Stored data
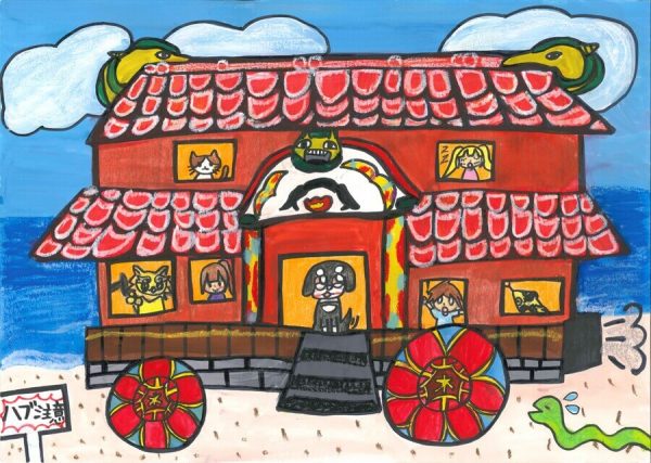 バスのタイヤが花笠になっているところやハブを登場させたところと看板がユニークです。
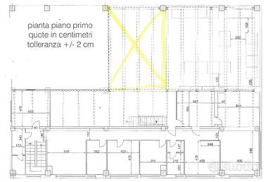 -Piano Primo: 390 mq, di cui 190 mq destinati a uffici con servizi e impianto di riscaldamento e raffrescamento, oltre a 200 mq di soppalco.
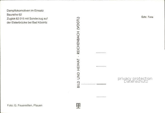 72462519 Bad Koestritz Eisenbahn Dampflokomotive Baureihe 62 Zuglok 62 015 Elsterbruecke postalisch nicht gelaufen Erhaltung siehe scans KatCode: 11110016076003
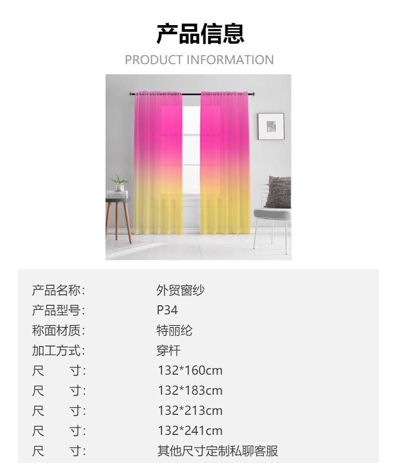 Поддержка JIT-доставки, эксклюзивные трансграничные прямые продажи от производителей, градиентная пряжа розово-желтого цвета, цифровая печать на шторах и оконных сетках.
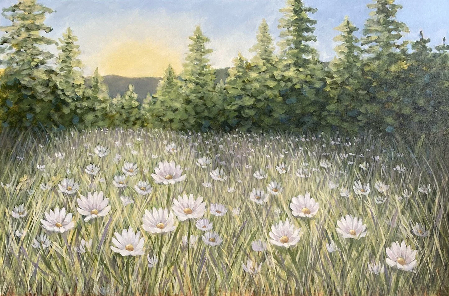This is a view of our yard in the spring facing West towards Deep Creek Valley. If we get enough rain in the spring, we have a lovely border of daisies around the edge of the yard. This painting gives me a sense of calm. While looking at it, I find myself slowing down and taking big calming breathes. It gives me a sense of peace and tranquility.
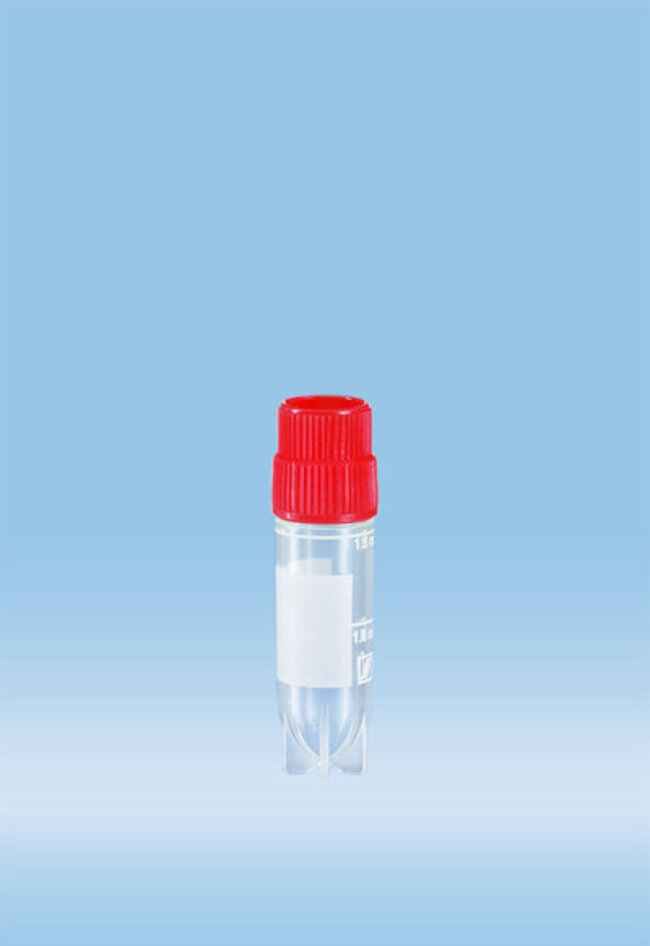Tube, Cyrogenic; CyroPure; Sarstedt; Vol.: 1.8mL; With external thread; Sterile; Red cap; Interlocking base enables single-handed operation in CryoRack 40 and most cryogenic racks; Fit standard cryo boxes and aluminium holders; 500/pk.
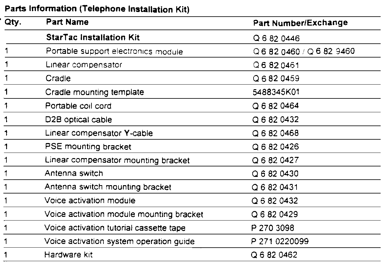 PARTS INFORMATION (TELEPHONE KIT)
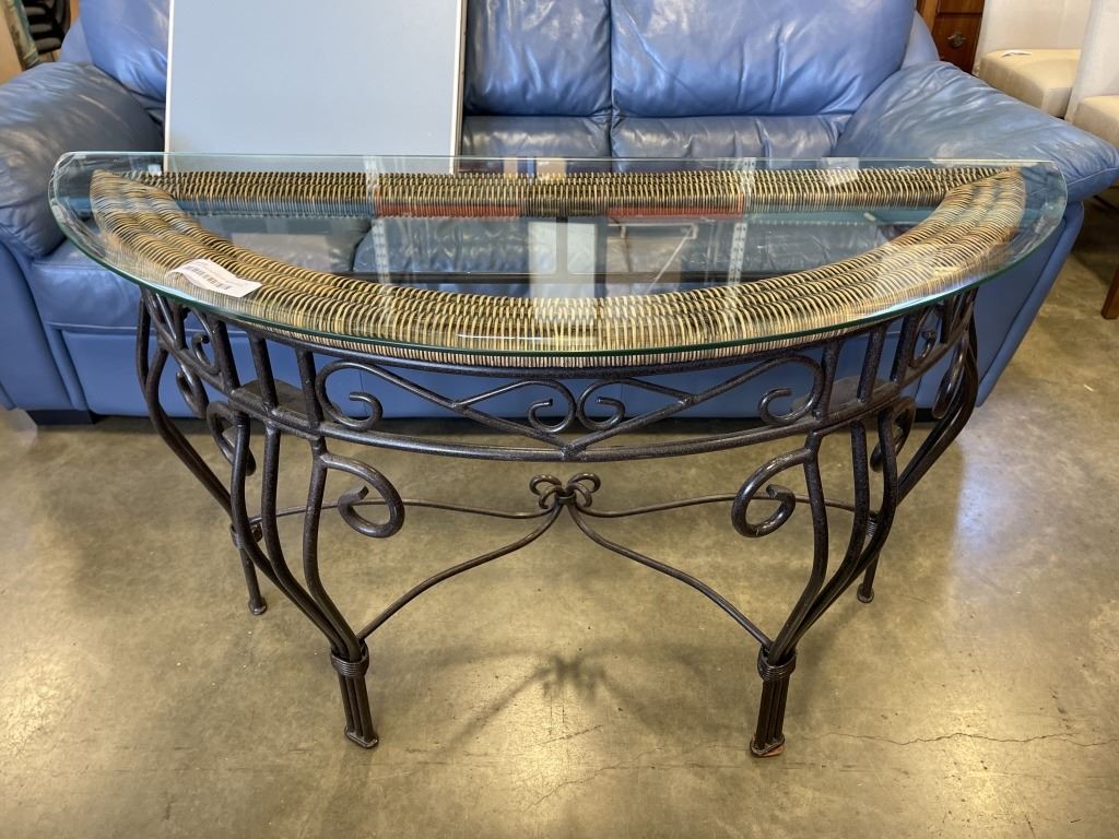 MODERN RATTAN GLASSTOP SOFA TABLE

● WHAT THIS TASK INVOLVES
What you return must match the lines from the top of the data through the line with "-Piano Primo: 390" exactly, with the pictures removed.

● OUTPUT OF THE EXERCISE
 バスのタイヤが花笠になっているところやハブを登場させたところと看板がユニークです。
 -Piano Primo: 390 mq, di cui 190 mq destinati a uffici con servizi e impianto di riscaldamento e raffrescamento, oltre a 200 mq di soppalco.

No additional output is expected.